City boss Glenn Roeder revealed that had they been awarded another spot-kick in the second half, Cureton would not have taken it, but he does not expect the experience to leave any lasting damage.

“I'm sure he will want to take a penalty again. Just because he missed one I don't think he'll not want to take one again,” said Roeder. “The only thing I said at half-time was if we were to get one in the second half, someone else would have taken it. I'm not a fan of a player taking a penalty again in the same match if he's already missed one. That responsibility would have fallen to Sammy Clingan.”

In the event, both Cureton and Clingan were substituted before the Canaries staged that late fightback, but Roeder said research had proved that success from the penalty spot was all in the mind.

City's most successful penalty takers had that look about them - that certainty they would score.

I didn't see Ron Ashman tuck away any of his club record 17 spot-kicks.

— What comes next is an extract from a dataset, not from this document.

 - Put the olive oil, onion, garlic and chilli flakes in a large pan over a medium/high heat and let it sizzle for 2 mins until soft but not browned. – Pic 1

But in the modern era, Ted MacDougall scored 15, foiled only once, by Fulham goalkeeper Peter Mellor. John Deehan scored 14, but failed twice. Neil Adams scored 12 and failed once.

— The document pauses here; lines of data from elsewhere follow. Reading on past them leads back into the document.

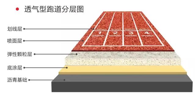 跨越體育 透氣型塑膠跑道采用國際田聯(lián)認可的復合結構,面層為PU顆?;駿PDM耐候性環(huán)保彩色顆粒,底層聚氨酯樹脂粘合的環(huán)保顆粒,符合國際比賽標準,標準厚度13mm。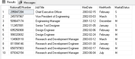 SELECT top 10 [NationalIDNumber] ,[JobTitle] ,[HireDate] ,[MaritalStatus] FROM [AdventureWorks].[HumanResources].[Employee] |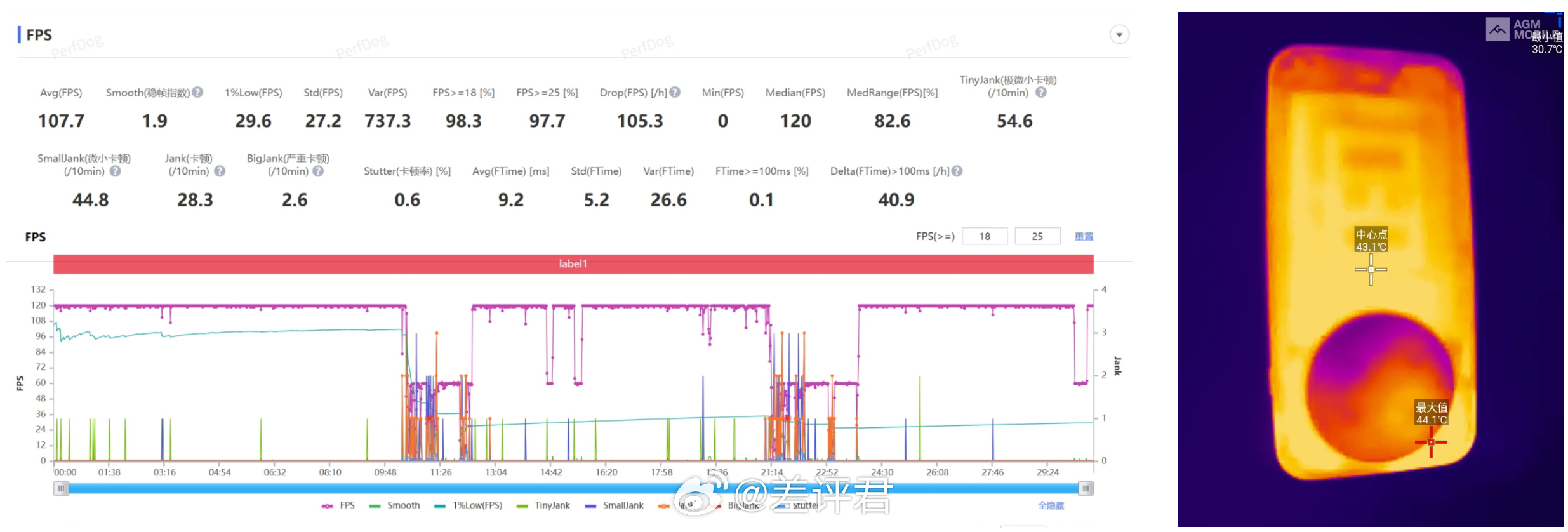 这颗麒麟8000处理器,表现怎么样呢?我们测试了下打 《王者荣耀》 的表现,半小时下来可以看到除了人物死亡复活和重新开局帧率会掉到60帧,其余时间都是顶着120帧在跑,非常稳定。测试结束后机身最高温度44.1摄氏度,而且热的很均匀,说明散热也不错。

“I think penalties are very much about being confident at that moment,” said Roeder. “A scientific study was carried out a number of years ago after Gareth Southgate missed that penalty in Euro 96, where they looked at the mentality of people who would have a greater chance of scoring a penalty than other people by how they saw life.

“When they looked at people's mentality and their personalities, Michael Owen, Alan Shearer and Paul Merson, at the time, were always nailed-on people to score penalties.

“They thought they discovered that their type of personality would have a view that when a penalty is awarded to their team, they've already thought 'That's another goal for me' before it's taken. The thought of missing doesn't cross their minds.

“It was a serious study. People were spoken to at all levels and Gareth, who I think the world of, wouldn't -from his personality - have been the person to take a penalty.

“Top defenders have a negative view. They always think something's going to go wrong, so they're always in the right position to deal with it. Of course, most times it doesn't, but the very fact that they're thinking like that, the odd occasions when things do go wrong, they're there to snuff it out, where the other types of players, Shearer, Owen, Merson, who are much more carefree in their attitude to things, they just saw another goal. They would be thinking 'That's my 20th goal of the season' before they've even put the ball on the spot.

“Of course they occasionally miss. But generally speaking their success rate is huge. I can speak about Owen and Shearer because I've worked with them and I can clearly see how the study comes to that conclusion.”

Cureton, of course, had only two chances to score from the spot for City last season, tucking both away confidently in the home games against Blackpool and former club Colchester.

One would not imagine he will have any worries about grabbing the ball again.

“There are people - there's no doubt about it - when a penalty is given who if things are not going well for them at that particular time are thinking 'Oh my God, I've got to take this penalty, I'm not sure',” said Roeder.

“I'm not saying Cureton was like that, but he was looking for that first goal, when really he should already have had two or three in the opening three matches. Whether that was why he dragged it wide, who knows? I'm probably fishing too deep and over-analysing.”